DATA BELOW >>
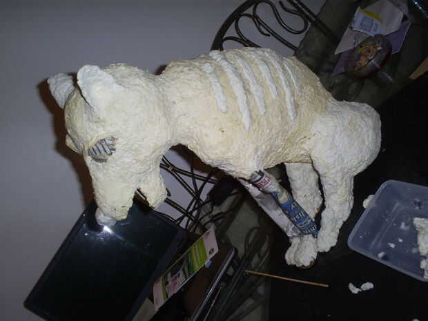 arcilla de papel maché fue utilizado para cubrir el cuerpo entero y agregar algunos detalles. Esto fue hecho en pequeños pasos para que toda la estructura no colapse bajo el peso de la humedad.
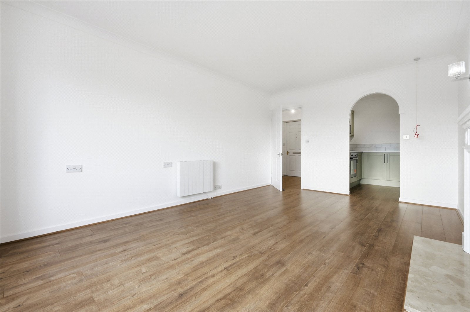 Large UPVC tilt and turn window to front enjoying a sunny south aspect. Wall mounted electric heater. Feature wooden mantle with stone hearth and insert. Wood effect laminate flooring. wall mounted lighting. Emergency pull cord. Coved cornice to ceiling. Open archway to rear provides access to the:
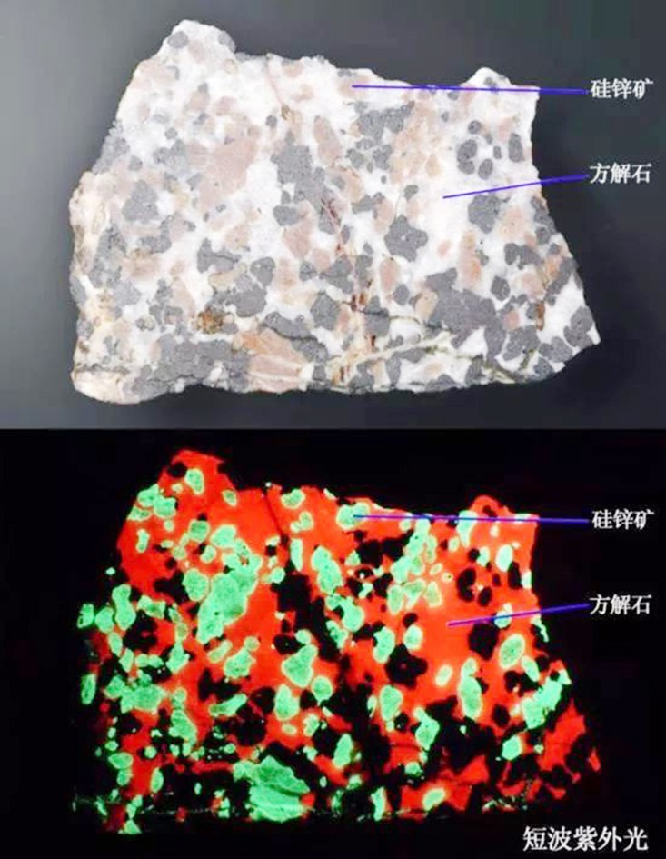 這是一種非常容易識別的含有熒光礦物的巖石,其中的兩種礦物會在短波紫外光下發出強烈的熒光:方解石(Calcite)發出紅色熒光,硅鋅礦(Willemite)發出綠色熒光。紅綠對比強烈,再加上沒有熒光的黑色鋅鐵礦(NFFranklinite),非常具有觀賞性。通常這種巖石被稱為“圣誕方解石(Christmas Calcite)”或者“瘋狂方解石(CrazyCalcite)”。
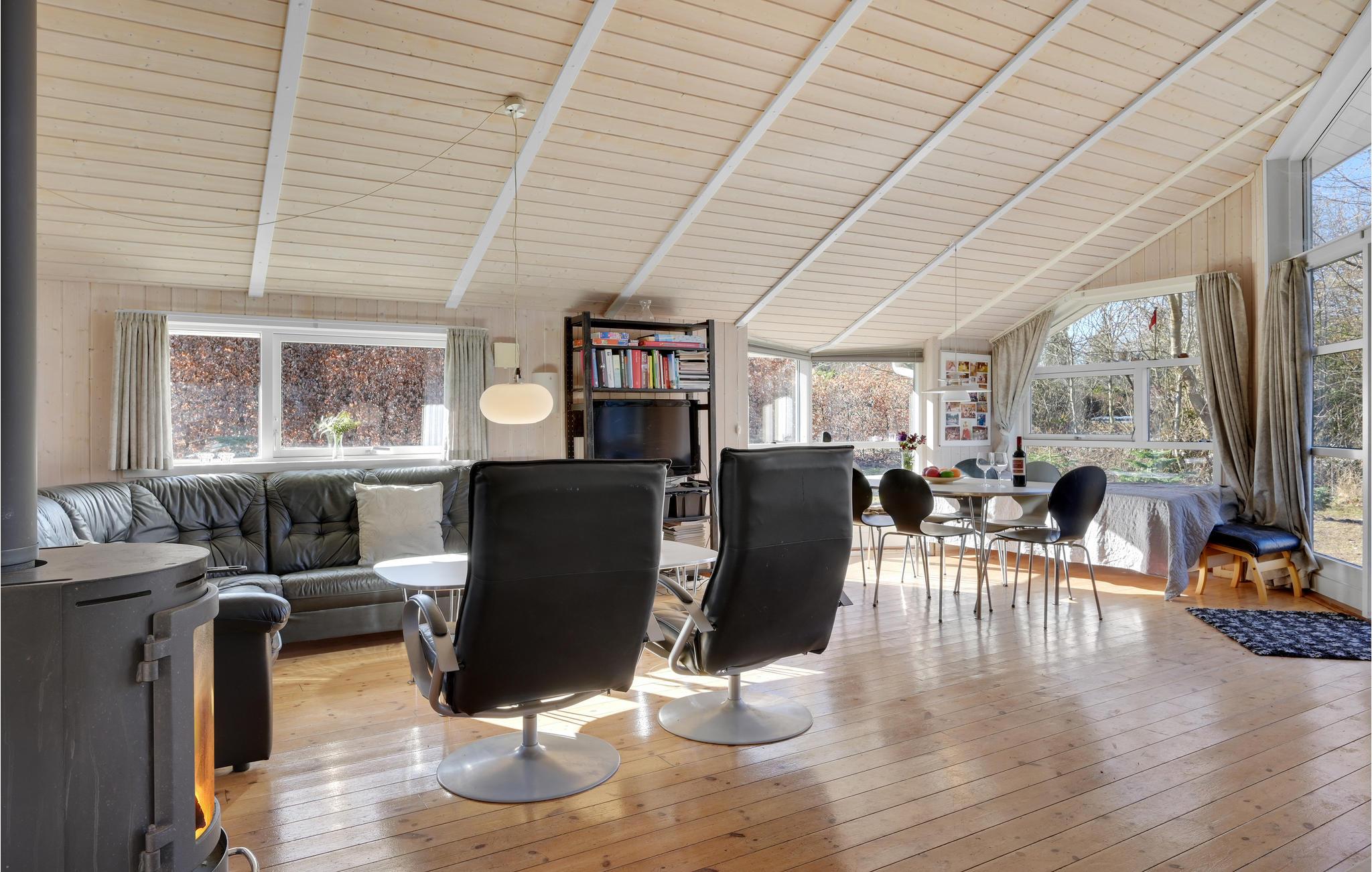 Velkommen til dette attraktive feriehus, der venter sine gæster i et smukt område. Med 3 soveværelser kan huset rumme op til 6 gæster. Derudover er 2 kæledyr velkomne her. Sæt jer godt til rette ved pejsen i stuen og slap af efter en aktiv dag. Der kommer meget lys ind i huset gennem den store vinduesfront, og I har en smuk udsigt udad. Et boblebad på badeværelset byder på ekstra afslapning.

TASK OBJECTIVE >> Copy the material exactly. Do not include the pictures.

EXERCISE OUTPUT >>
 arcilla de papel maché fue utilizado para cubrir el cuerpo entero y agregar algunos detalles. Esto fue hecho en pequeños pasos para que toda la estructura no colapse bajo el peso de la humedad.
 Large UPVC tilt and turn window to front enjoying a sunny south aspect. Wall mounted electric heater. Feature wooden mantle with stone hearth and insert. Wood effect laminate flooring. wall mounted lighting. Emergency pull cord. Coved cornice to ceiling. Open archway to rear provides access to the:
 這是一種非常容易識別的含有熒光礦物的巖石,其中的兩種礦物會在短波紫外光下發出強烈的熒光:方解石(Calcite)發出紅色熒光,硅鋅礦(Willemite)發出綠色熒光。紅綠對比強烈,再加上沒有熒光的黑色鋅鐵礦(NFFranklinite),非常具有觀賞性。通常這種巖石被稱為“圣誕方解石(Christmas Calcite)”或者“瘋狂方解石(CrazyCalcite)”。
 Velkommen til dette attraktive feriehus, der venter sine gæster i et smukt område. Med 3 soveværelser kan huset rumme op til 6 gæster. Derudover er 2 kæledyr velkomne her. Sæt jer godt til rette ved pejsen i stuen og slap af efter en aktiv dag. Der kommer meget lys ind i huset gennem den store vinduesfront, og I har en smuk udsigt udad. Et boblebad på badeværelset byder på ekstra afslapning.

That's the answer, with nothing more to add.